映画 「大鹿村騒動記」

昨日観てきました。原田芳雄さんの遺作になってしまいました。長野の大鹿村に300年も続く歌舞伎。村民が守り育んできた地芝居です。その村民達の歌舞伎に対する愛情と生活を組み込ませた内容です。原田さん自身が企画をしたとのこと。
原田さん演じる鹿料理の店主・善のもとに、18年前駆け落ちした妻・貴子(大楠道代)と幼なじみ・治(岸部一徳)が突然帰ってきます。痴呆症を患った貴子を善に「お返しします」と治。未だに離婚届に判を押していない善、忘れられない程愛した女房なんでしょう。善のことも治のことも忘れてしまった貴子ですが、善との結婚の機会となった共演した歌舞伎の台詞だけはとうとうと出てきます。ひょんなきっかけで昔のように歌舞伎を演ずることとなった善と貴子。歌舞伎も大成功に終わります。貴子も記憶が甦りしばし幸せなふたりです。しかし、貴子も病気は病気。完治するわけではありません。ラストシーンに笑いを誘います。

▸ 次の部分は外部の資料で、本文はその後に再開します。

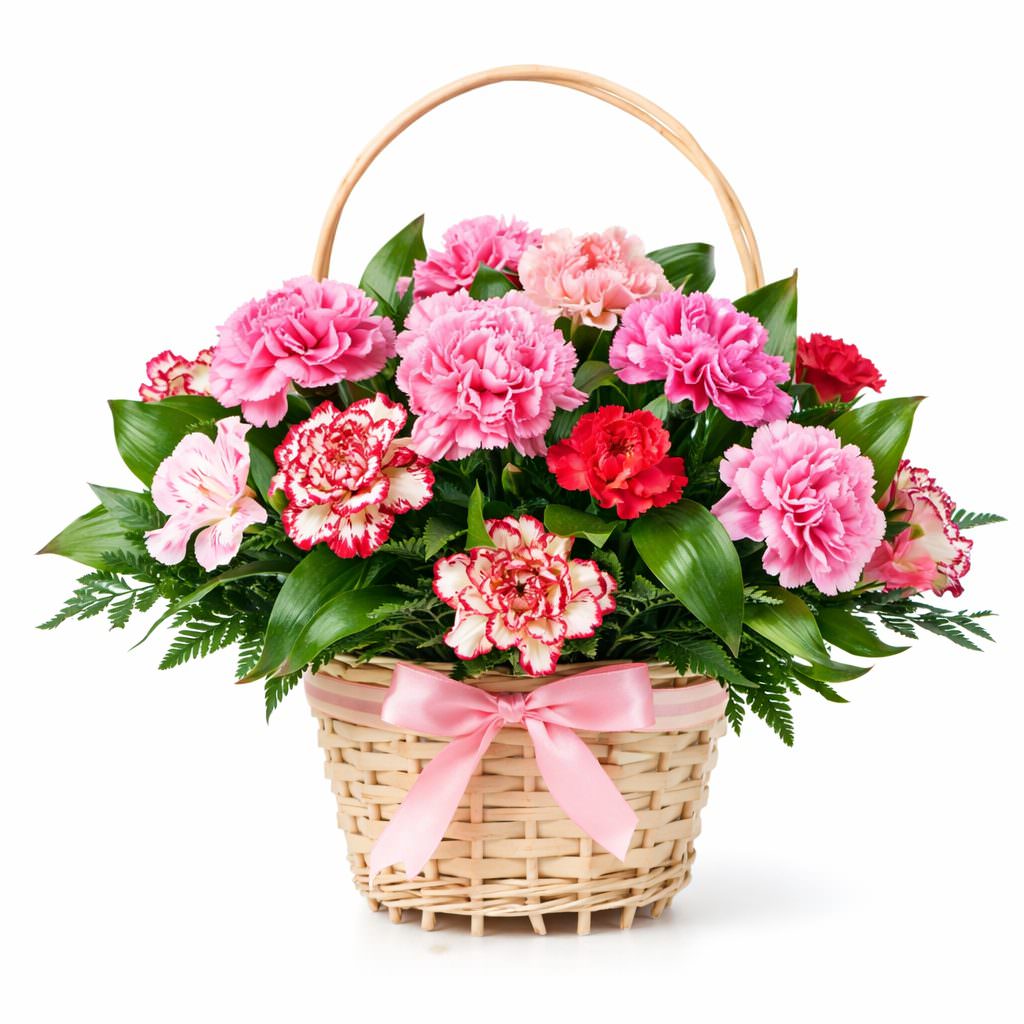 Яркие розовые и красные оттенки гвоздик и альстромерий создают атмосферу теплоты и радости. В составе композиции розовая гвоздика, красная мини-гвоздика, розовая альстромерия и аспидистра. Плетёная корзина добавляет естественности и гармонии. Прекрасно подойдет для поздравления подруги на День матери, создавая уют и праздничное настроение.

原田芳雄さんは好きな俳優さんでした。未だ71歳なのでとても残念です。この年代で孫を可愛がるような好々爺ではなく、ちょっと不良で色気のある初老の男性を演じられる人は数少ないですもの。あとは藤竜也さんぐらいですか。
笑えてちょっと悲しくて大人の男と女のお話。人生の甘みも辛みも経験した男女だからこそドラマもある、そんな映画です。原田さんの遺作にふさわしい映画だと思います。